Research has shown that people with heart failure who have a strong emotional and social support network confront their condition better and have a more positive attitude to life. Nevertheless, it is important to remember that we all have different needs and abilities. Potential sources of support include:
o Your spouse, partner or primary caregiver. The closest person to you who can offer considerable support in all aspects of your life.
o Family and friends. Sometimes you may prefer to talk with friends and family about certain points related to cardiac insufficiency to avoid overwhelming your partner with all your needs and concerns.
o Healthcare personnel
- Family doctor. They tend to be the first point of contact when medical problems arise. It is often the healthcare professional responsible for your general care and is the main point of enquiry for questions and advice. Your family doctor is also the person who will refer you to a specialist for all in-patient or specialised treatments you may require.
- Heart failure nurse (inpatient and outpatient). These specialist nurses provide care, perform tests and supply information, education and advice. They are particularly important with respect to your follow-up care.
- Pharmacist. Pharmacists provide a lot of useful information about medications. They will help you understand the instructions to ensure you take your heart failure medication correctly and will inform you of foods or other medicines that you should not take with your prescription drugs.
- Geriatrics. Above a certain age, and if you have other common age-related conditions, you may be referred to the geriatrics department.
- Physiotherapist and occupational therapist. Physiotherapists and occupational therapists will help you recover from hospital stays or procedures. They will also help you live as full a life as possible through a cardiac rehabilitation programme. Additionally they can provide practical advice for saving energy.
- Social worker. Social workers will keep you informed about the programmes or services available in your community. In addition, they can help you resolve any complicated financial or legal problems arising from your situation and will put you in contact with the appropriate social support systems.
- Heart failure support groups. Some people find it helpful to talk about their feelings and problems with others who are in a similar situation. However, support groups do not always suit everybody; if you feel uncomfortable rather than at ease, maybe it is not for you. There are many other sources of support available.
- Information on the Internet. There is increasingly more health information available on the Internet. It can represent an excellent source of information and provide support in the struggle against heart failure. It also constitutes a resource for your partner, family members and friends. It is better to visit the websites of recognised organisations.
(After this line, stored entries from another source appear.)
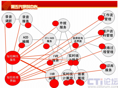 需要保存記錄的,需要做質(zhì)量管理的,大家需要把這個東西保存起來,以便于考核座席,這時候電話錄音的服務(wù)需要改動,座席質(zhì)量管理的界面需要改動,因為以前管理界面是聽錄音的,現(xiàn)在是需要看文本了。接著客戶資料管理也是需要嗎?當(dāng)然需要了,來一個短信以后,盡量把客戶資料能夠屏幕彈出,降低我們的服務(wù)時間,需要改進(jìn)。知識庫需要改動嗎?需要,因為我發(fā)短信的時候,不可能每個字都敲進(jìn)去,需要從知識庫把這個信息拽出來,這時候需要知識庫的服務(wù)。工作流,通過短信也要進(jìn)行一些業(yè)務(wù)的處理。聯(lián)絡(luò)過程也需要管理。這時候戰(zhàn)略出來了,經(jīng)營者說了,我現(xiàn)在通過短信要做營銷了,我要外撥了,和外撥服務(wù)連接出來,還有經(jīng)營者的一些戰(zhàn)略,比如說對于一些比較高的客戶,優(yōu)先分配,降低等待時長。那么這個戰(zhàn)略還包括這些產(chǎn)品生命周期的管理,需要不同的服務(wù)方式,一樣也要通過編輯,策略可以自行調(diào)整。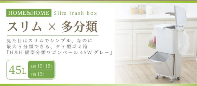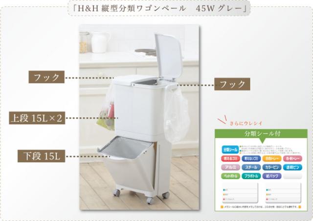 ゴミ箱 H&H縦型分類ワゴンペール 45Wグレー 【分別 ごみ箱 ダストボックス 45リットル おしゃれ ふた付き キッチン ポリ袋止め付 3分別 ワイド 45L キャスター付 移動 灰色 リス】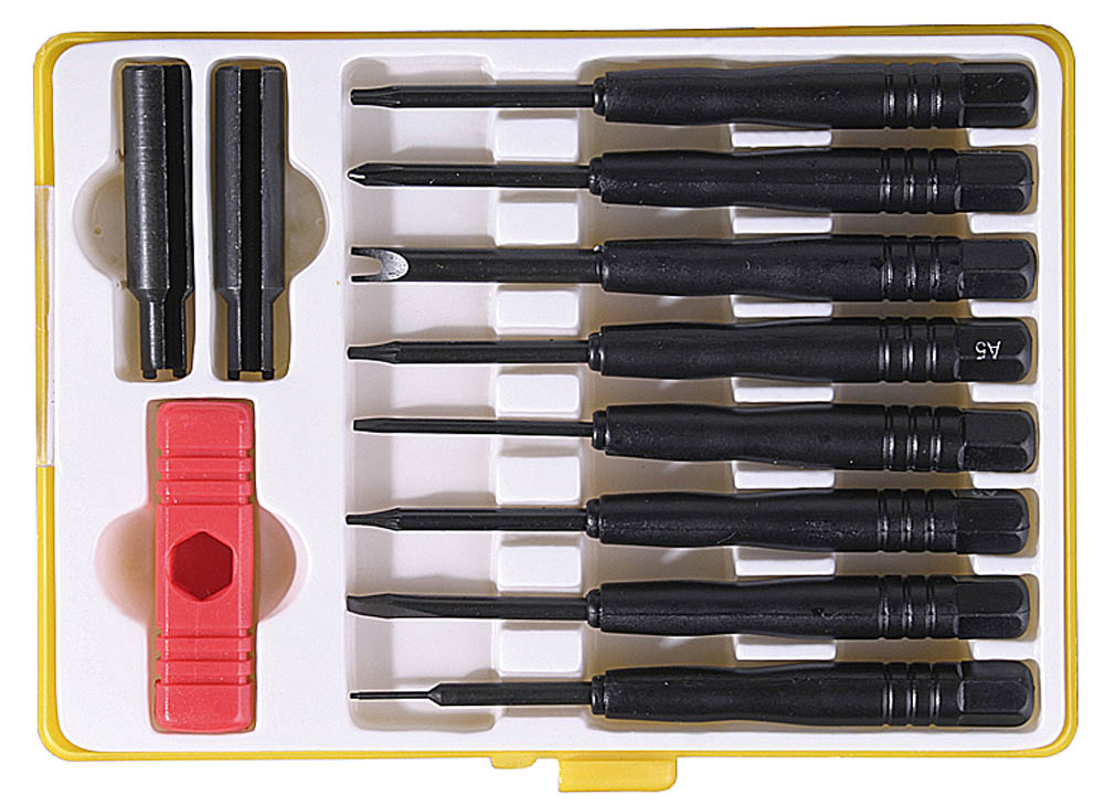 Набор отверток STAYER 25615-H11, предназначен для выполнения прецизионных работ в электронике и электромеханике. В комплект входят стандартные и специальные отвертки для ремонта мобильных устройств. Дополнительная двухпозиционная рукоятка обеспечивает легкое и удобное закручивание и повышает точность выполнения работ.

- Therapeutic education programmes. Therapeutic education aims to improve treatment, promote patient independence, and help patients acquire and retain a range of skills that improve their quality of life while living with heart failure.
Looking to the future
An infarction produces necrosis, i.e., cell death, in the myocardial tissue and the cells alone do not regenerate; therefore, that area of the heart stops working.
Research into stem cells may, in the future, lead to the development of new treatments for cardiovascular diseases. For example, this technology could be used to generate healthy, new cardiac tissue, heart valves, blood vessels or other tissues and important structures, which would subsequently be used to improve the function of the area damaged by the infarction.
Clinical trials are currently being conducted to investigate how stem cell treatment can benefit patients with coronary artery disease, peripheral artery disease, congestive cardiac insufficiency or who have previously suffered a heart attack.